Casks.. American Oak, Oloroso with 10% of the liquid matured in Swedish Oak for a minimum of 18 months

Nose.. Freshly peeled granny smith apples, poached pear and a delicate satsuma aroma leads into lemon drizzle cake, digestive biscuits and soft floral notes.. A soft spicy aroma develops with a nice vanilla cheesecake style scent.

Palate.. This starts of with a sharp citrus bitterness before those spices start to take control with Cinnamon and Ginger being prevalent, a touch of freshly baked apple pie with grilled pineapple on the side..

Finish.. Fresh with lingering spices.

Thoughts.. Although I have tried something from the Mackmyra range I really couldn’t remember which one and it was at a festival which isn’t always the best setting to try and remember just what its like it does offer you a quick insight into what does and does not suit the palate..
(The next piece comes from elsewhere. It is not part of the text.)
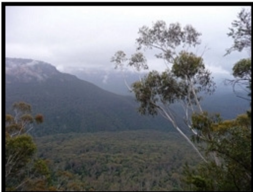
At least the fog cleared a bit over here...

This Svensk Ek though is very typical of the whisky I would pick out for a relaxing, it is very light, fruity and perfectly balanced with plenty of areas to explore. The lightness lends itself to those summer nights and spring days, and for those into the cocktail or long drinks this will I am sure be a perfect base..

Sample kindly provided by Mackmyra….

A great starting point for the Mackmyra journey..

4 Comments Add yours

  1. sorrenkrebs says:

    They do seem to push the 10% figure.. Whatever happened it is a lovely whisky..


  2. Susanne says:

    Yes, I believe that’s the case. I never really followed the debate but I know that they did change something about the info on the labels.


  3. sorrenkrebs says:

    I was assured it is Swedish oak and it still states that on the product sheet but it does now state 10% of the liquid is matured in it.. Might have initially stated just Swedish Oak ?


  4. Susanne says:

    Nice to see Sweden and Mackmyra featured here! Svensk Ek is a nice one. However, there has been some conflict about whether the oak used for it was actually grown in Sweden or not and they had to change something on the labels if I remember correctly. But it’s a long time ago and I think they use homegrown oak now for these. It’s a nice whisky – Mackmyra has a lot of good stuff out there, especially that from their private casks.